*** Provided information ***

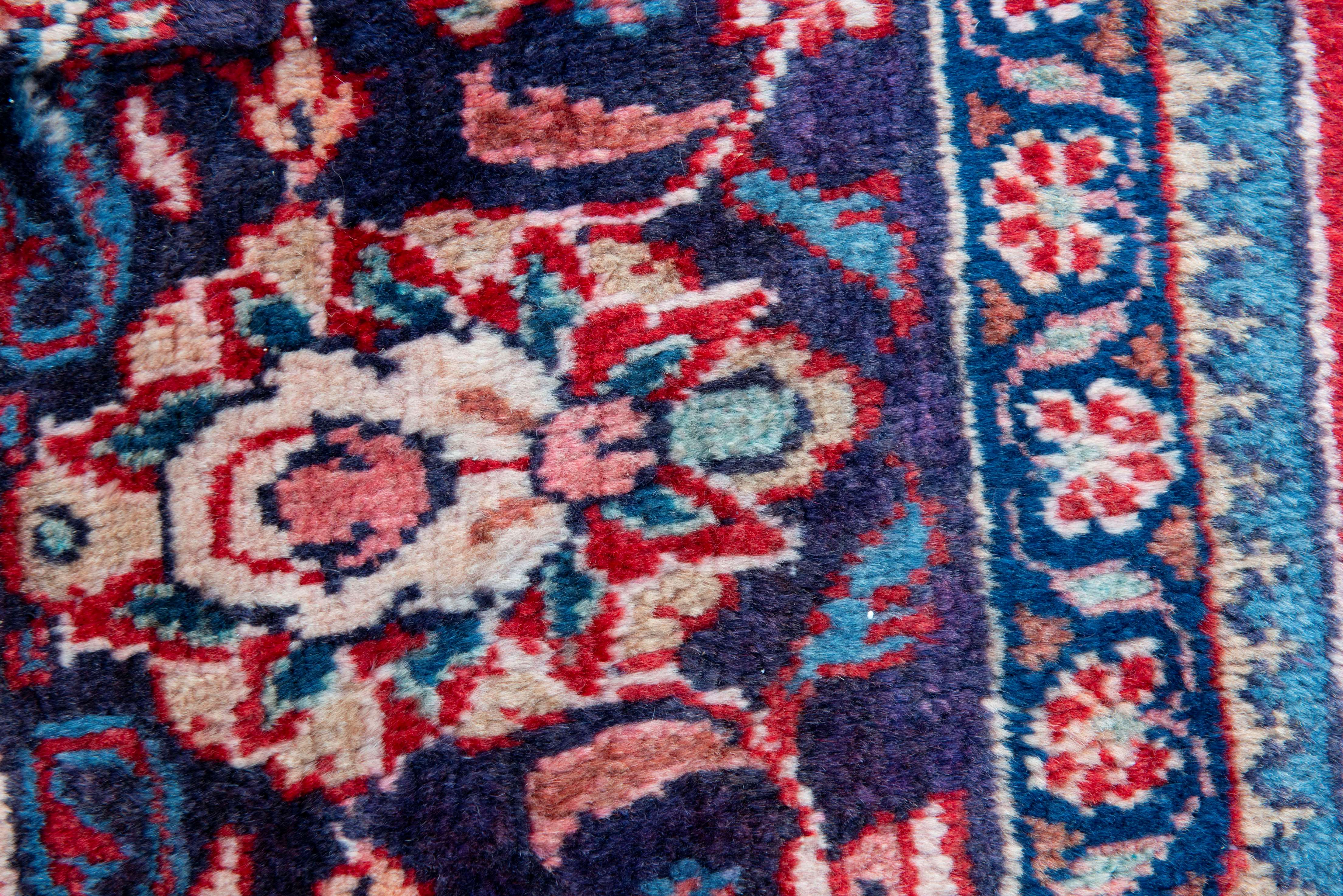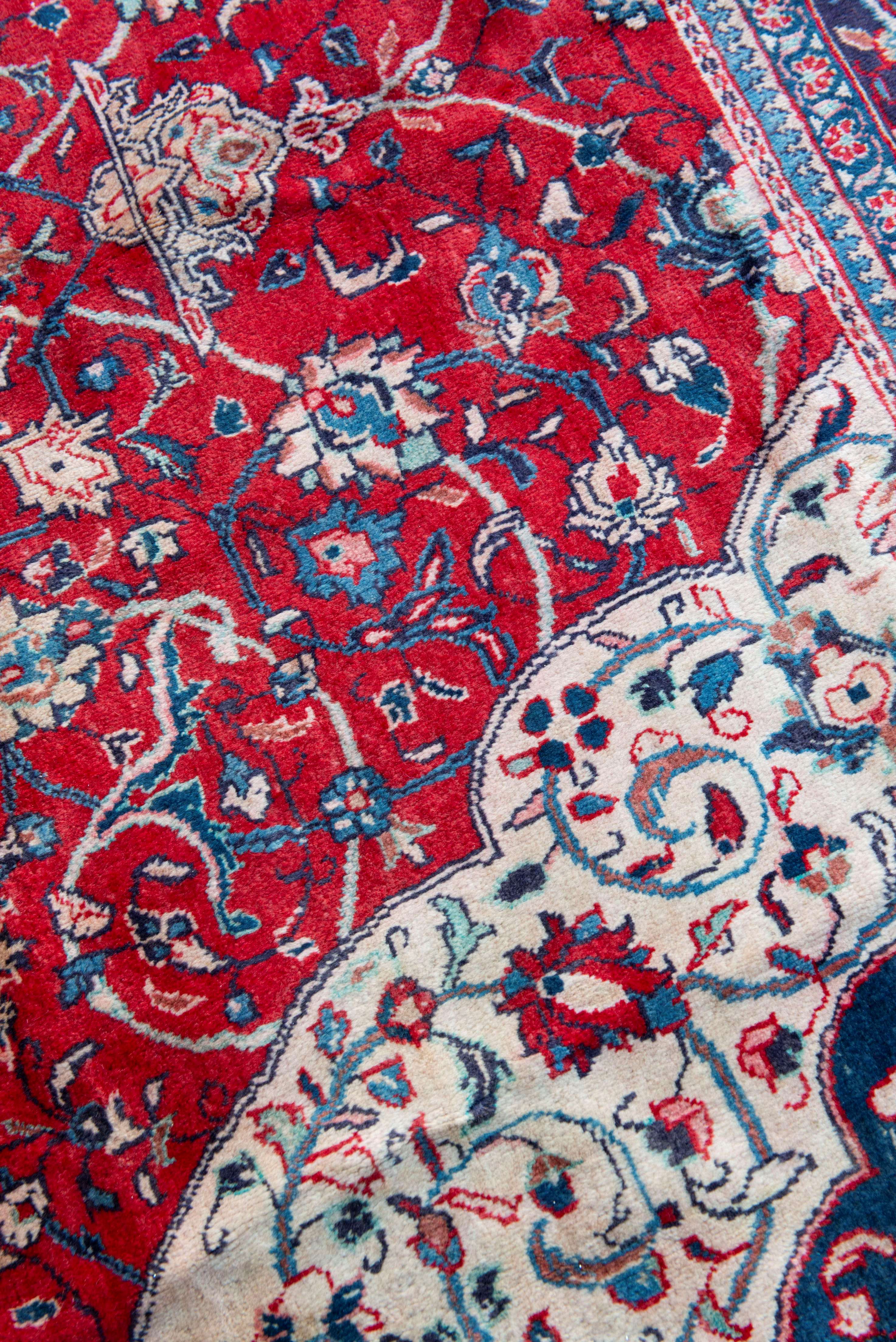 Tapis Hamadan en laine soyeuse sur trame coton à médaillon central étoilé beige et bleu, champ principal rouge à entrelacs de fleurs de lotus, double encoin beige et bleu à décor floral, bordure principale à frise de lotus sur champ bleu.
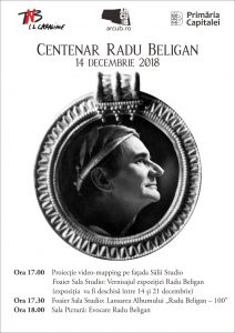 Ora 17.00: Proiecție video-mapping pe fațada Sălii Studio; Foaier Sala Studio: Vernisajul expoziției Radu Beligan (expoziția va fi deschisă între 14 și 21 decembrie).
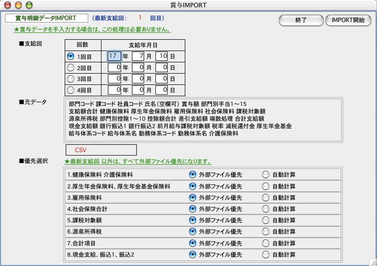 それぞれの項目について、「外部ファイル優先」と「社員情報から適用」のどちらか、または、 「外部ファイル優先」と「自動計算」のどちらか、を選択します。
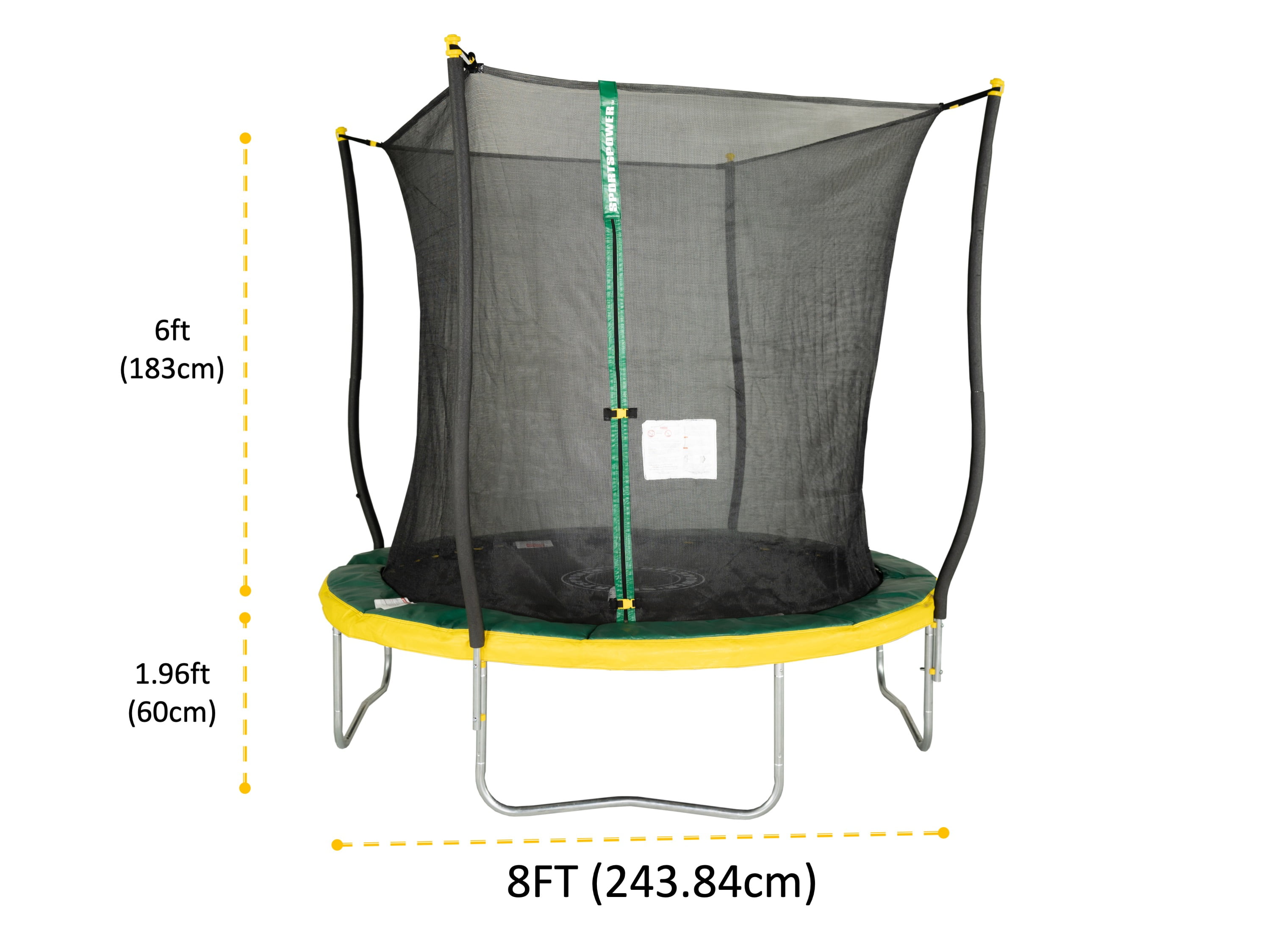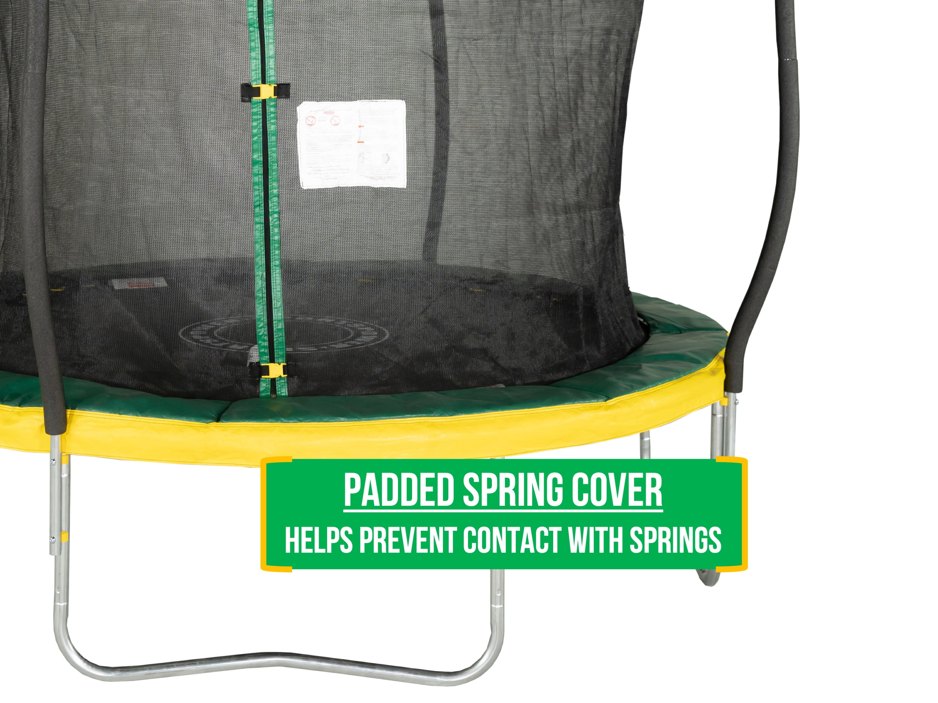 Bounce Pro 8′ Trampoline, Flash Light Zone, Classic Safety Enclosure, Green/Yellow
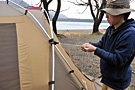 ●材質:アルミφ22mm、アルマイト加工 ●サイズ:φ22mmパイプ(3本継)、190cm ●セット内容:アルミポール190cm(×2)、自在付二又用ロープ(7m×2)、ジュラピンペグ(21cm×4)、収納ケース付 ●平均総重量:2.75kg

***

Task to complete: Find the line that contains "Bounce Pro 8′", then write out that line and every line after it through the end of the records, exactly. Leave the pictures out.

Your response:
 Bounce Pro 8′ Trampoline, Flash Light Zone, Classic Safety Enclosure, Green/Yellow
 ●材質:アルミφ22mm、アルマイト加工 ●サイズ:φ22mmパイプ(3本継)、190cm ●セット内容:アルミポール190cm(×2)、自在付二又用ロープ(7m×2)、ジュラピンペグ(21cm×4)、収納ケース付 ●平均総重量:2.75kg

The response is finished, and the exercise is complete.